EXERCISE DATA:

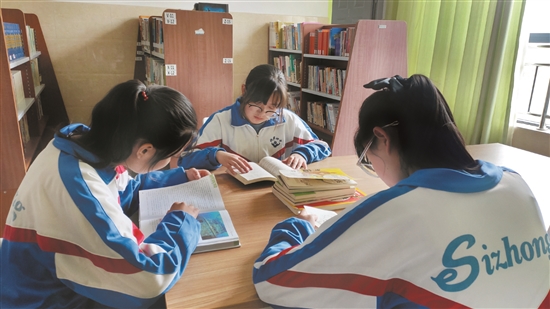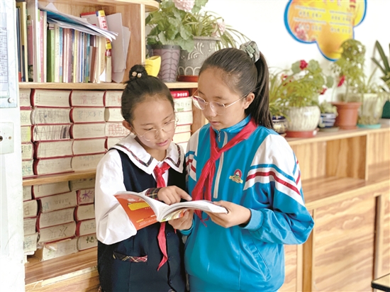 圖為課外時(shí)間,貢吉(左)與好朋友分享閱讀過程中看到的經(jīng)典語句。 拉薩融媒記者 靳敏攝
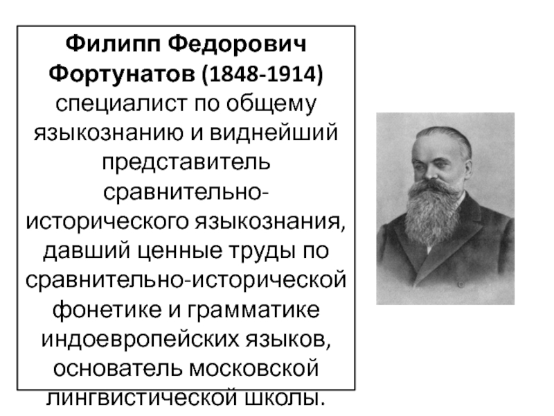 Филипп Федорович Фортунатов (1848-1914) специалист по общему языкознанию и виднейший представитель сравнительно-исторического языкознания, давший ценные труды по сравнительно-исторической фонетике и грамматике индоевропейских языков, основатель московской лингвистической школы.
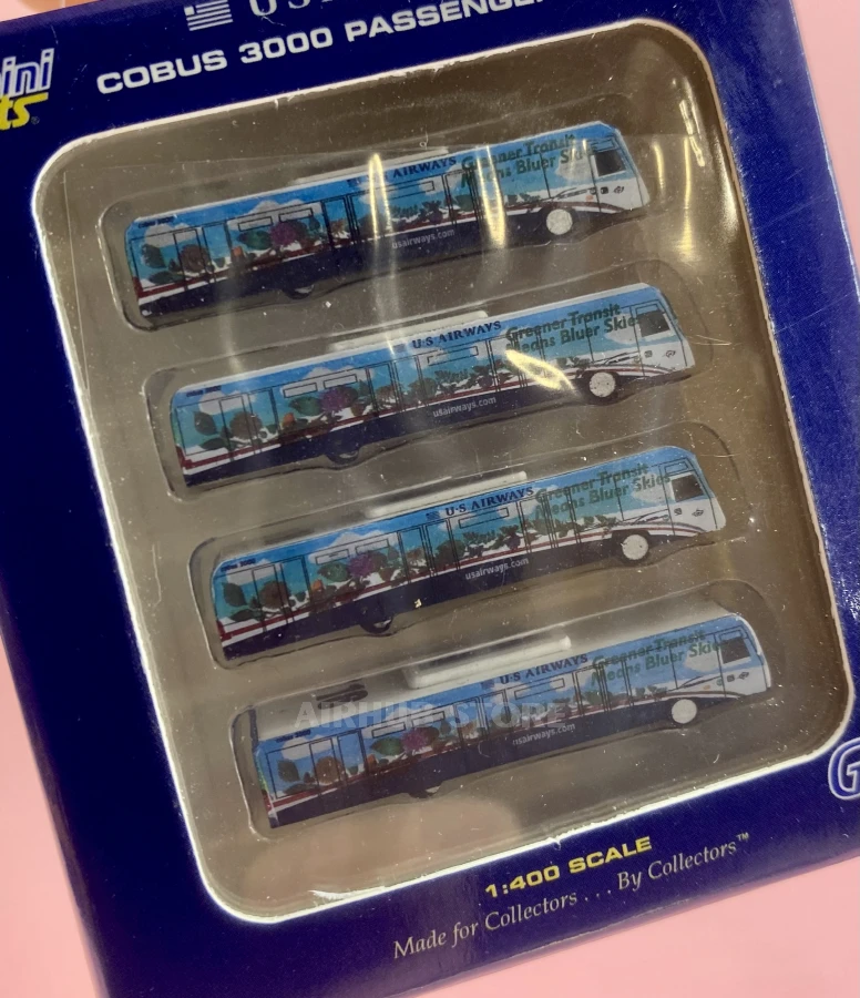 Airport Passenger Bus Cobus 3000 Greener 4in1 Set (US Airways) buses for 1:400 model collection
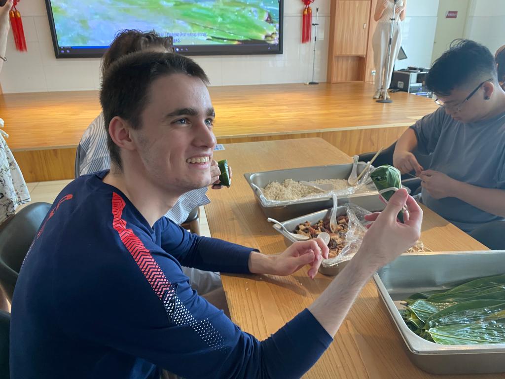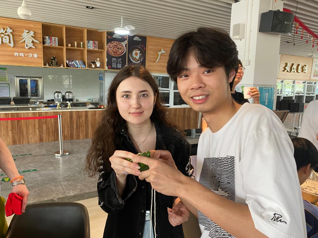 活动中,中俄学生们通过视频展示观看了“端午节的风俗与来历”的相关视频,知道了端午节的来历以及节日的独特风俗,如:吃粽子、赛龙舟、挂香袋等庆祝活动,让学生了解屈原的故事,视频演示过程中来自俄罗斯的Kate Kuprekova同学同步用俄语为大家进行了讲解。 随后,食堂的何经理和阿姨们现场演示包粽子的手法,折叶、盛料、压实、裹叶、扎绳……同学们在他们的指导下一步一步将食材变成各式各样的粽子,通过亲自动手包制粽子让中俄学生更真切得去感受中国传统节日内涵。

WHAT NEEDS TO BE DONE:
Pictures are not part of the copy; transcribe the rest of the data verbatim.

TASK SOLUTION:
 圖為課外時(shí)間,貢吉(左)與好朋友分享閱讀過程中看到的經(jīng)典語句。 拉薩融媒記者 靳敏攝
 Филипп Федорович Фортунатов (1848-1914) специалист по общему языкознанию и виднейший представитель сравнительно-исторического языкознания, давший ценные труды по сравнительно-исторической фонетике и грамматике индоевропейских языков, основатель московской лингвистической школы.
 Airport Passenger Bus Cobus 3000 Greener 4in1 Set (US Airways) buses for 1:400 model collection
 活动中,中俄学生们通过视频展示观看了“端午节的风俗与来历”的相关视频,知道了端午节的来历以及节日的独特风俗,如:吃粽子、赛龙舟、挂香袋等庆祝活动,让学生了解屈原的故事,视频演示过程中来自俄罗斯的Kate Kuprekova同学同步用俄语为大家进行了讲解。 随后,食堂的何经理和阿姨们现场演示包粽子的手法,折叶、盛料、压实、裹叶、扎绳……同学们在他们的指导下一步一步将食材变成各式各样的粽子,通过亲自动手包制粽子让中俄学生更真切得去感受中国传统节日内涵。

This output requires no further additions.